• **DATA RECORDS**
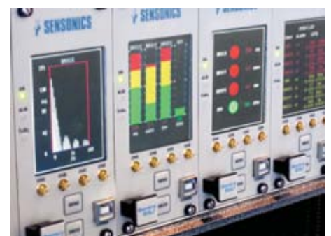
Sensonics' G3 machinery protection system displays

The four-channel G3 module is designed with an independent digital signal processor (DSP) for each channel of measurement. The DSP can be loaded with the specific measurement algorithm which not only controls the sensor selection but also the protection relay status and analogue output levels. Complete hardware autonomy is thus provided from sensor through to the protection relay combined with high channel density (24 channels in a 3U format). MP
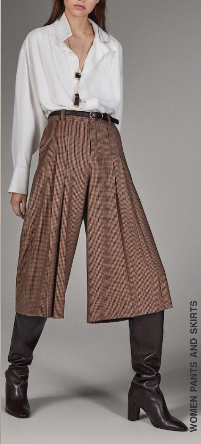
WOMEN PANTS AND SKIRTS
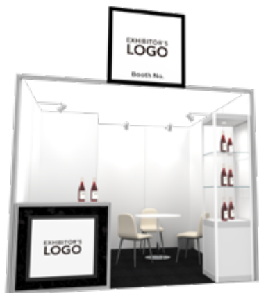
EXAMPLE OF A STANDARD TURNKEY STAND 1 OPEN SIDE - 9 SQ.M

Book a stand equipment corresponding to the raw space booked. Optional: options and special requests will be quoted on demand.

--

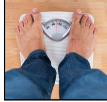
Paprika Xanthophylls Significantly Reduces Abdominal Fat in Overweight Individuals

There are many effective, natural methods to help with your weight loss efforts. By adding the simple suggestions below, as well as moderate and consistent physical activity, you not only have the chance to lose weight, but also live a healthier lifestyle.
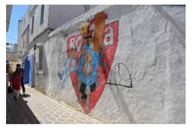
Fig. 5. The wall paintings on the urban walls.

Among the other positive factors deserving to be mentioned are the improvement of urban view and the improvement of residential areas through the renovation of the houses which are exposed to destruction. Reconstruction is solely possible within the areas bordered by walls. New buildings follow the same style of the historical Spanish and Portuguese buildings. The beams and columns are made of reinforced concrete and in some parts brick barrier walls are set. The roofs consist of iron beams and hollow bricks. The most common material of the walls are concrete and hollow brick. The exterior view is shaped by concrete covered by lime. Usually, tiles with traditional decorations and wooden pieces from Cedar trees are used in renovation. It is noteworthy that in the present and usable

---

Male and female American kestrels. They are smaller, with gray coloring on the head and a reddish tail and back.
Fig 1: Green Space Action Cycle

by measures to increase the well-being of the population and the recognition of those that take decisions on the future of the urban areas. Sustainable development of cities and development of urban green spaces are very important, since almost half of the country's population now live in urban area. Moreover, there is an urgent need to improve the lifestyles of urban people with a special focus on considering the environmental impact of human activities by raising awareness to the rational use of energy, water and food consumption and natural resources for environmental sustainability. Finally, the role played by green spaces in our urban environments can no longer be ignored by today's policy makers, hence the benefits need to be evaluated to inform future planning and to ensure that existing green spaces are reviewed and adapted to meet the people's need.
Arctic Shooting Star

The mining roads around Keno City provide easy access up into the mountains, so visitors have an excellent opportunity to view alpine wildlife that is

• **DESCRIPTION OF THE TASK**
In the listing above, find the line containing "Male and female" and the line containing "Fig 1: Green Space Action Cycle". Output them and every line between, exactly, and nothing else.

• **TASK OUTPUT**
Male and female American kestrels. They are smaller, with gray coloring on the head and a reddish tail and back.
Fig 1: Green Space Action Cycle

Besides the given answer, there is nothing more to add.